- [The task] Could you restate all of the records below exactly, with the pictures left out?

- Opening Delimiter -

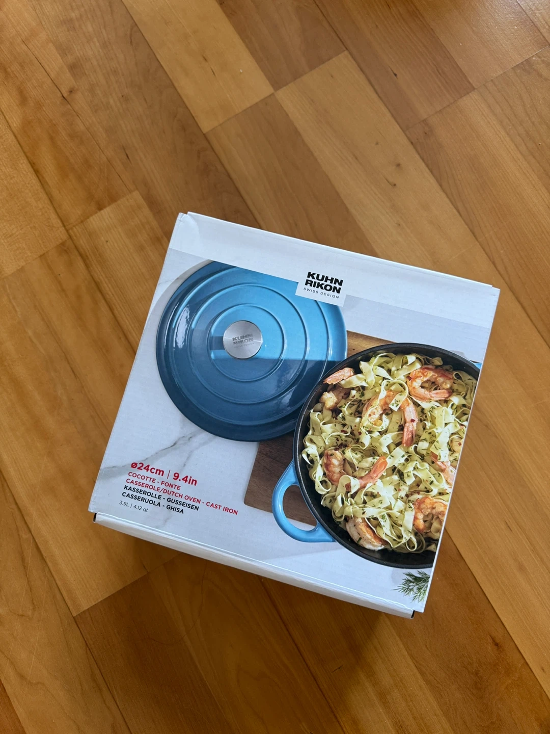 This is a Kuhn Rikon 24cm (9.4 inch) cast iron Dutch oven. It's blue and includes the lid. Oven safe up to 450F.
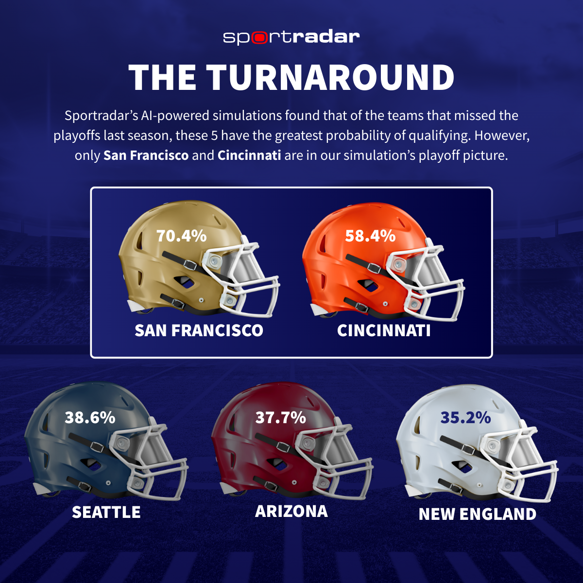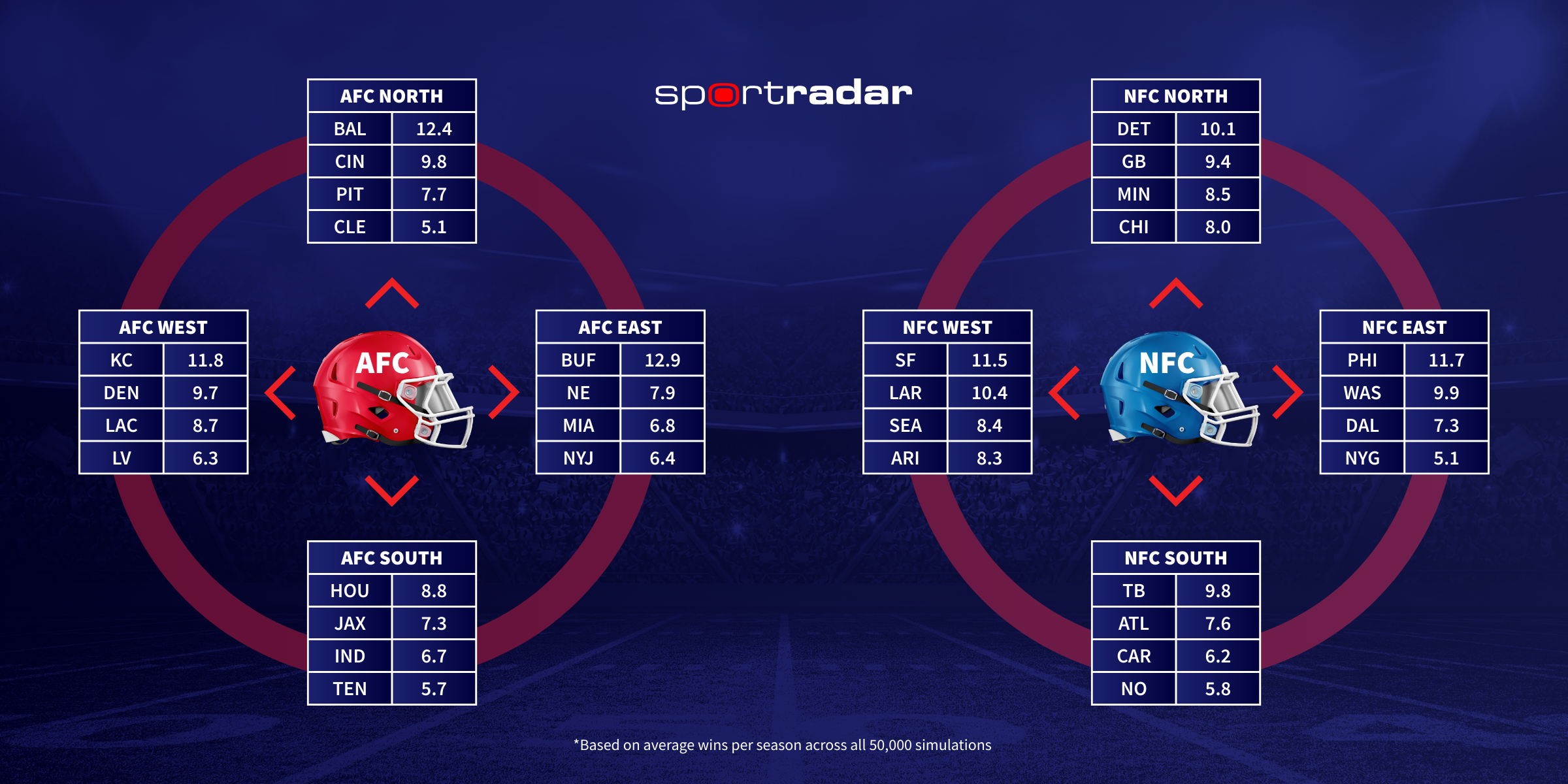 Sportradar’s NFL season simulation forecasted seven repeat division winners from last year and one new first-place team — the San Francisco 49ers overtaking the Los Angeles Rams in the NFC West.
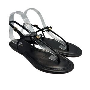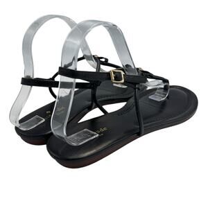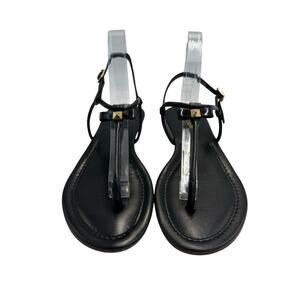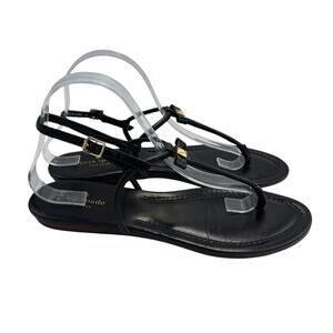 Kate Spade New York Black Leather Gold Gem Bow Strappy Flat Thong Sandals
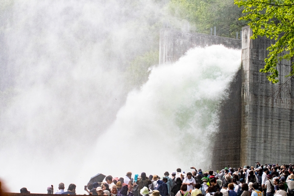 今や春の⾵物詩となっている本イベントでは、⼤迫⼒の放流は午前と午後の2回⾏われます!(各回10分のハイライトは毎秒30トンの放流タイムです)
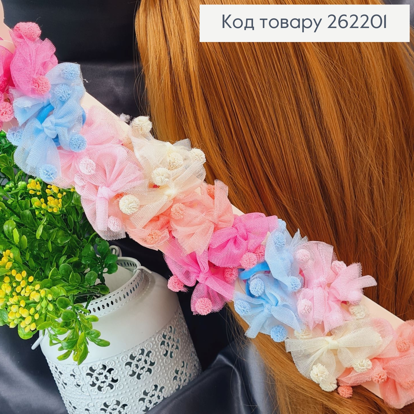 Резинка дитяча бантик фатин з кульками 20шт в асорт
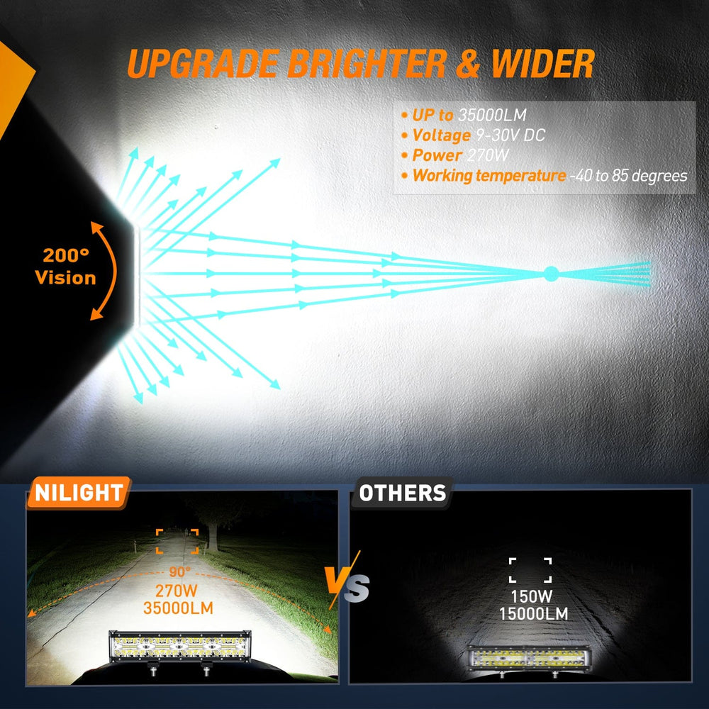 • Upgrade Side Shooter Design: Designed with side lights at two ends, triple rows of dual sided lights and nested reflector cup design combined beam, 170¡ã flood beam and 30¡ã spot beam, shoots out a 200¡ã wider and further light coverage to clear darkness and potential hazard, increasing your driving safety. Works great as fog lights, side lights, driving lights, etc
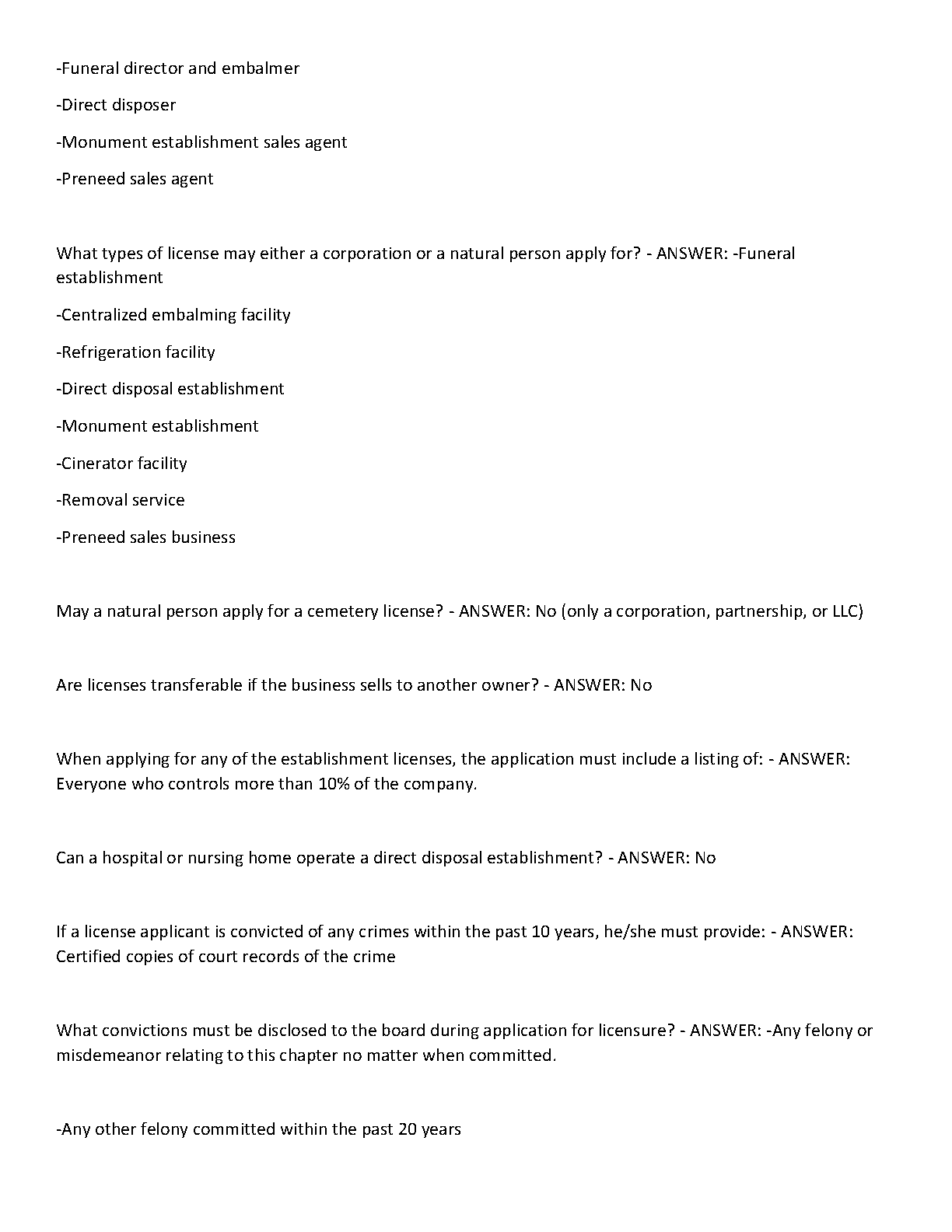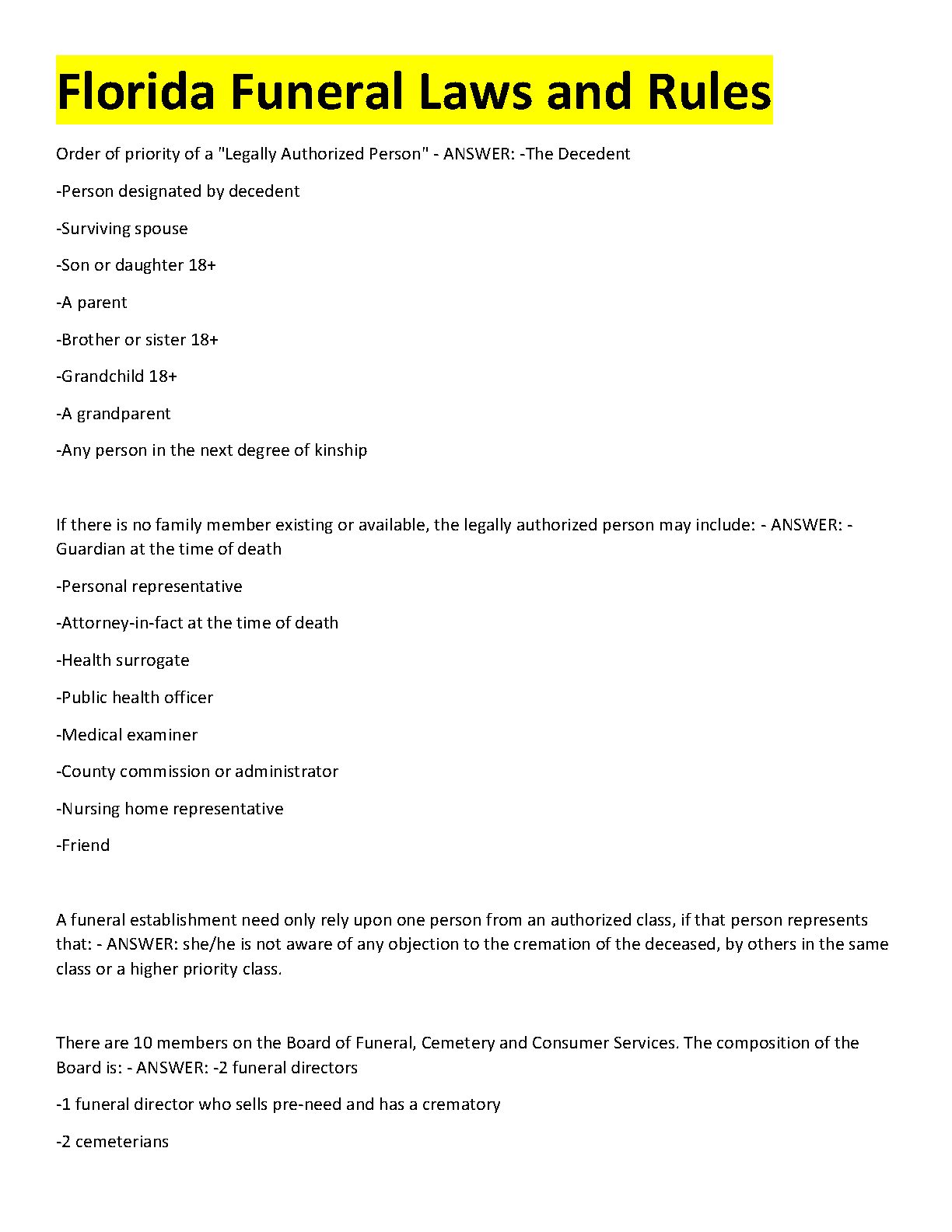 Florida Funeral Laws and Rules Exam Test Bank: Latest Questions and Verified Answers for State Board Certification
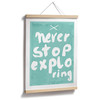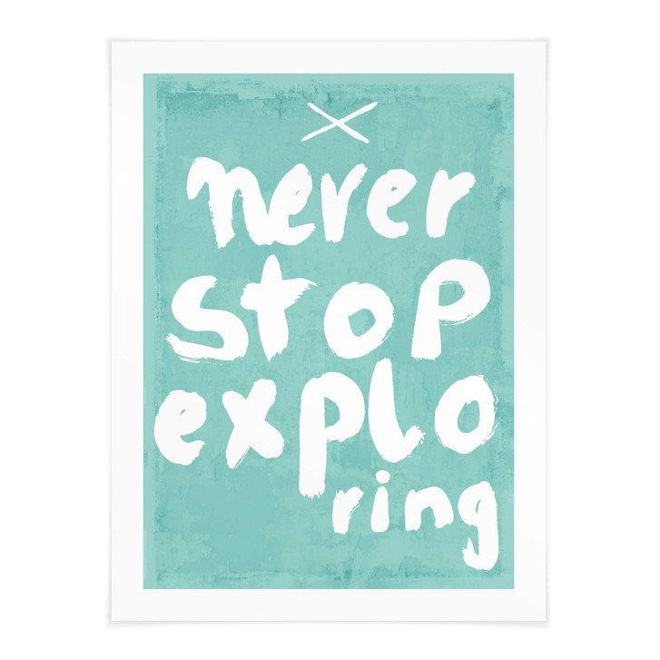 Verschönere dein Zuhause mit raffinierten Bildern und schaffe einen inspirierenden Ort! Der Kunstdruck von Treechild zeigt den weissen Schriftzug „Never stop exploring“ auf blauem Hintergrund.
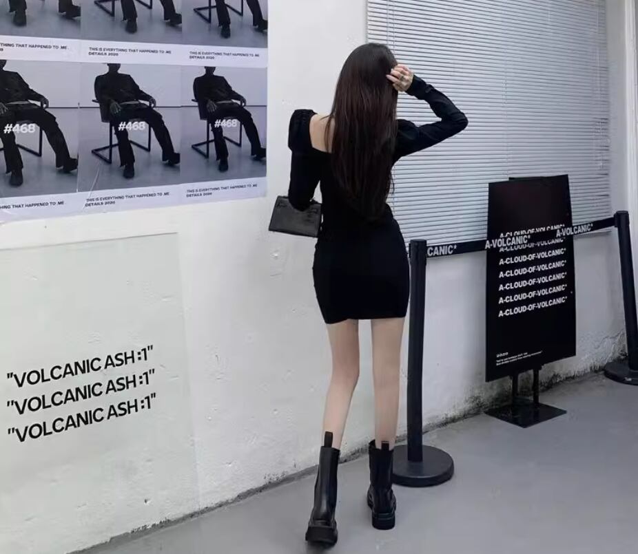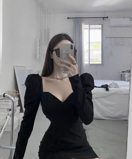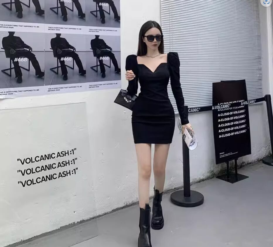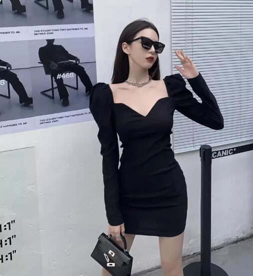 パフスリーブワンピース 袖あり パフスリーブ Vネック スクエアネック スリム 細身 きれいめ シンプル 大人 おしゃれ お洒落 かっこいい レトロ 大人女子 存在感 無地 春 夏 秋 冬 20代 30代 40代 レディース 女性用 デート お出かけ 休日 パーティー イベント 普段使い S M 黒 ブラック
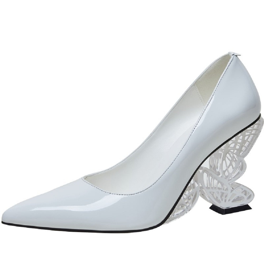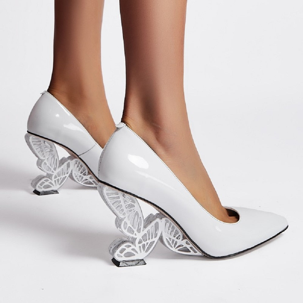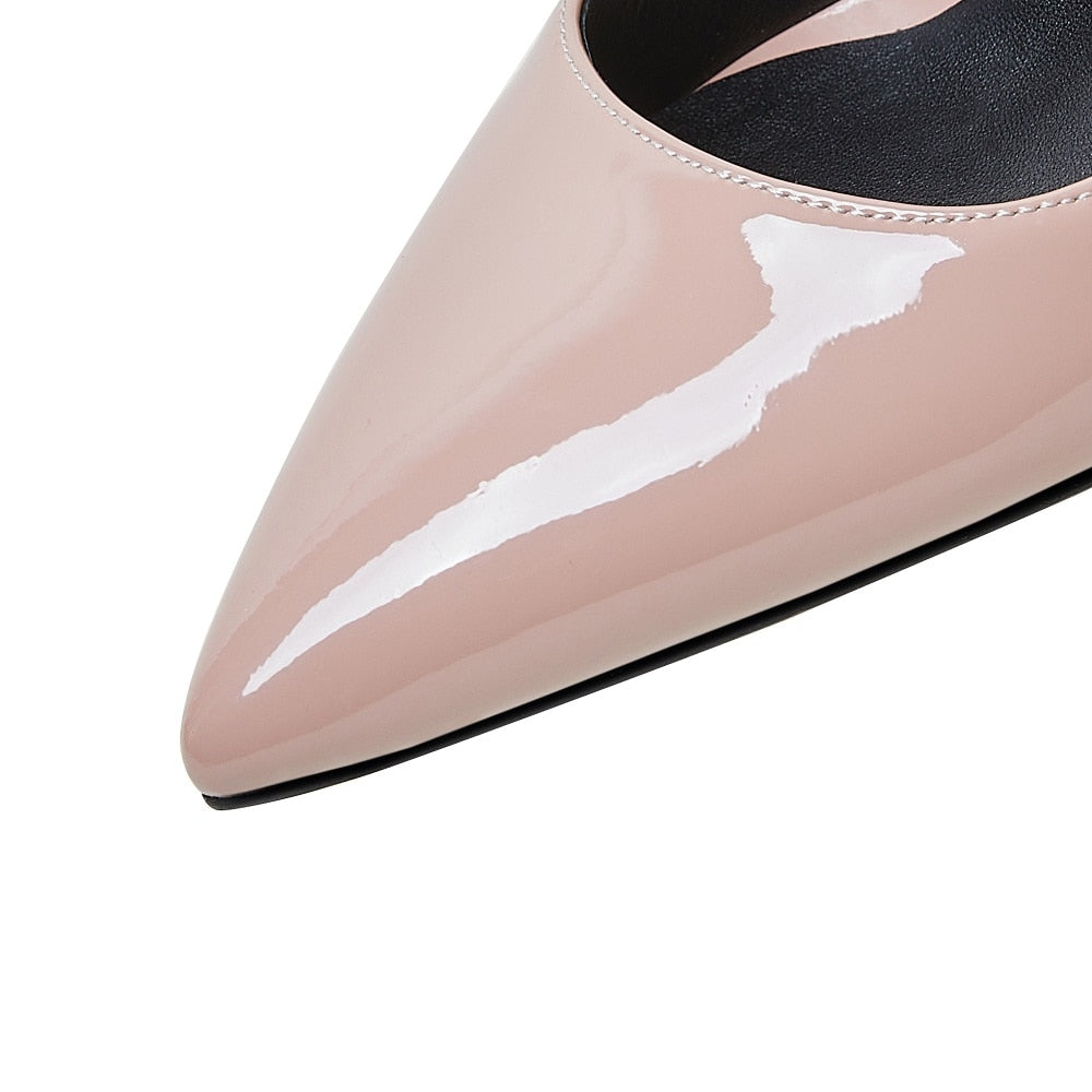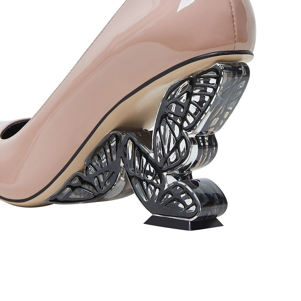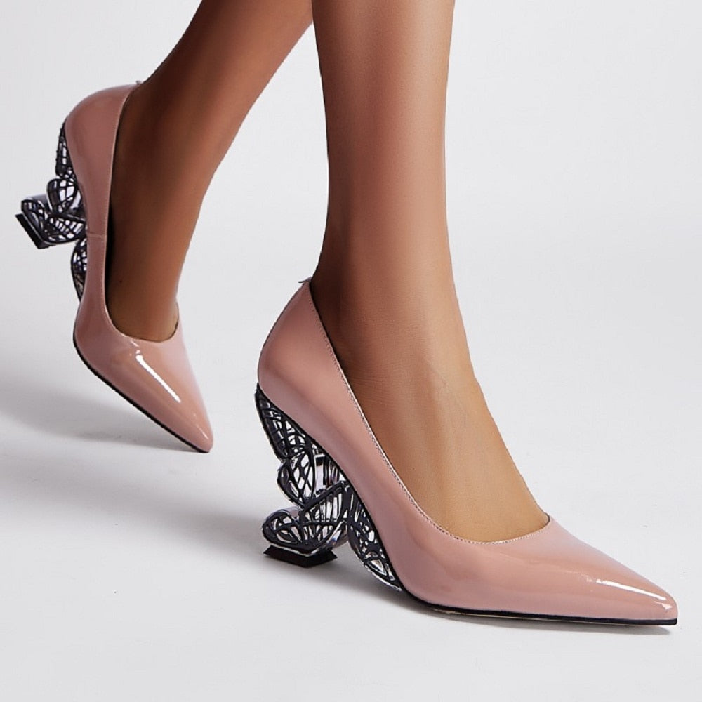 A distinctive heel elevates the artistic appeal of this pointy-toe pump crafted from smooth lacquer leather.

- Closing Delimiter -

- [Output]
 This is a Kuhn Rikon 24cm (9.4 inch) cast iron Dutch oven. It's blue and includes the lid. Oven safe up to 450F.
 Sportradar’s NFL season simulation forecasted seven repeat division winners from last year and one new first-place team — the San Francisco 49ers overtaking the Los Angeles Rams in the NFC West.
 Kate Spade New York Black Leather Gold Gem Bow Strappy Flat Thong Sandals
 今や春の⾵物詩となっている本イベントでは、⼤迫⼒の放流は午前と午後の2回⾏われます!(各回10分のハイライトは毎秒30トンの放流タイムです)
 Резинка дитяча бантик фатин з кульками 20шт в асорт
 • Upgrade Side Shooter Design: Designed with side lights at two ends, triple rows of dual sided lights and nested reflector cup design combined beam, 170¡ã flood beam and 30¡ã spot beam, shoots out a 200¡ã wider and further light coverage to clear darkness and potential hazard, increasing your driving safety. Works great as fog lights, side lights, driving lights, etc
 Florida Funeral Laws and Rules Exam Test Bank: Latest Questions and Verified Answers for State Board Certification
 Verschönere dein Zuhause mit raffinierten Bildern und schaffe einen inspirierenden Ort! Der Kunstdruck von Treechild zeigt den weissen Schriftzug „Never stop exploring“ auf blauem Hintergrund.
 パフスリーブワンピース 袖あり パフスリーブ Vネック スクエアネック スリム 細身 きれいめ シンプル 大人 おしゃれ お洒落 かっこいい レトロ 大人女子 存在感 無地 春 夏 秋 冬 20代 30代 40代 レディース 女性用 デート お出かけ 休日 パーティー イベント 普段使い S M 黒 ブラック
 A distinctive heel elevates the artistic appeal of this pointy-toe pump crafted from smooth lacquer leather.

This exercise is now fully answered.